WORK REQUIRED: Output the data unchanged and complete, minus the images.

RECORDED INFORMATION:
━━━━━━━━━━━━━━━━━━━━

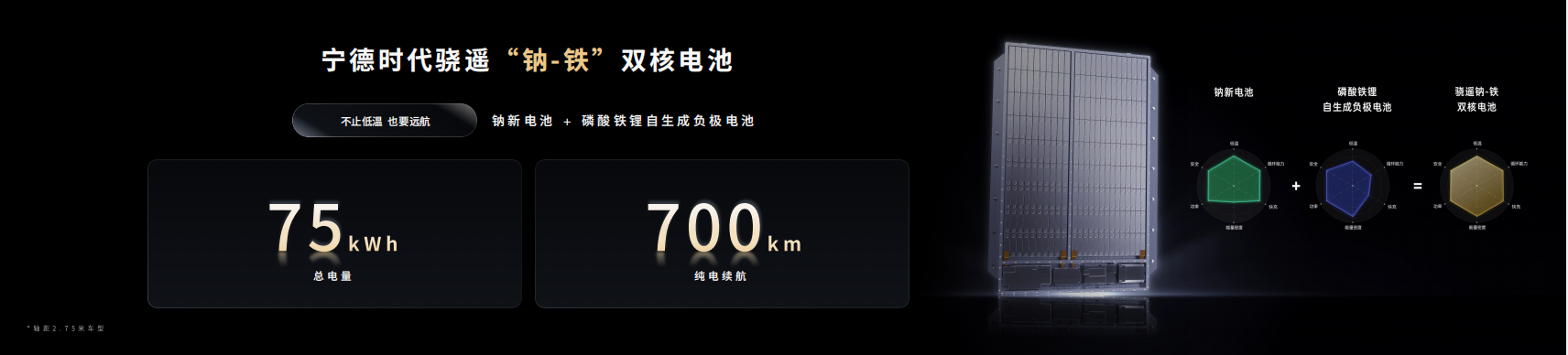 鈉-鐵雙核電池——:鈉新電池+磷酸鐵鋰自生成負(fù)極電池,充分利用鈉新電池的低溫性能,為用戶帶來不止低溫更要遠(yuǎn)航的極致體驗 。
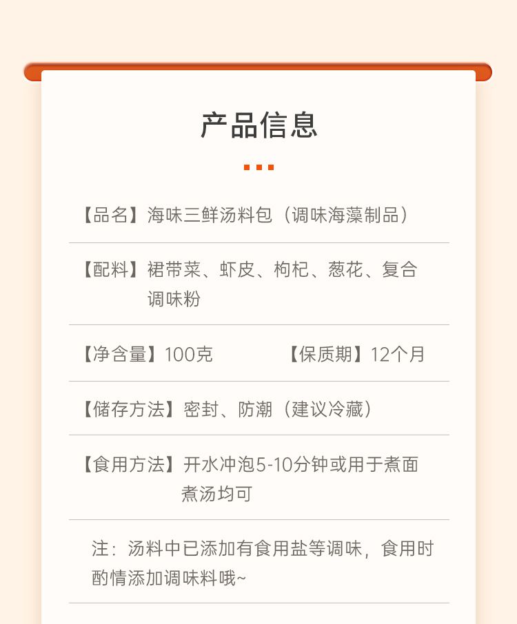 商品名称:鲜窝窝 海味三鲜汤料包100g
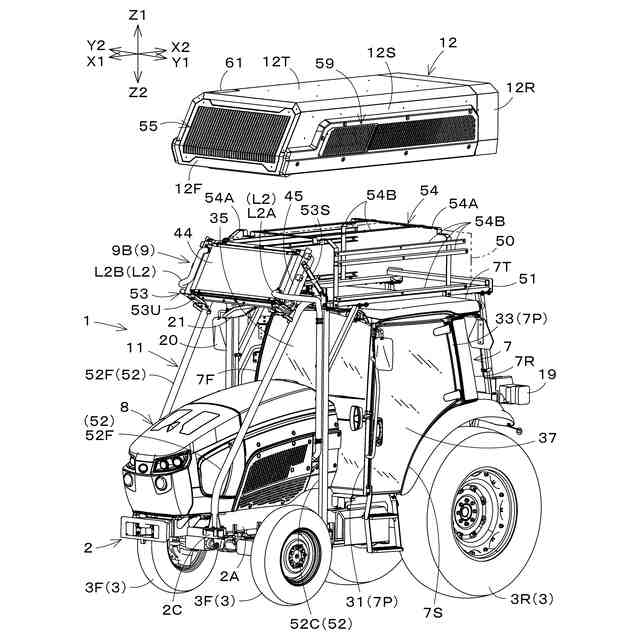 本発明の実施形態について、図面を参照しながら説明する。図1~図8は、本発明の一実施形態に係る作業車両1である。本実施形態の作業車両1は、トラクタであり、耕運機、ベーラなど、主に農作業の目的および用途に応じた作業装置(インプルメント)を連結して使用される。本実施形態の作業車両1は、燃料電池で発生した電力を用いて駆動するFCV(Fuel Cell Vehicle)の一種である。尚、本発明に係る作業車両1は、トラクタに限定されない。例えば、本発明に係る作業車両1は、トラクタ以外の農業機械、建設機械、ユーティリティビークル等であってもよい。

━━━━━━━━━━━━━━━━━━━━

SOLUTION TO THE EXERCISE:
 鈉-鐵雙核電池——:鈉新電池+磷酸鐵鋰自生成負(fù)極電池,充分利用鈉新電池的低溫性能,為用戶帶來不止低溫更要遠(yuǎn)航的極致體驗 。
 商品名称:鲜窝窝 海味三鲜汤料包100g
 本発明の実施形態について、図面を参照しながら説明する。図1~図8は、本発明の一実施形態に係る作業車両1である。本実施形態の作業車両1は、トラクタであり、耕運機、ベーラなど、主に農作業の目的および用途に応じた作業装置(インプルメント)を連結して使用される。本実施形態の作業車両1は、燃料電池で発生した電力を用いて駆動するFCV(Fuel Cell Vehicle)の一種である。尚、本発明に係る作業車両1は、トラクタに限定されない。例えば、本発明に係る作業車両1は、トラクタ以外の農業機械、建設機械、ユーティリティビークル等であってもよい。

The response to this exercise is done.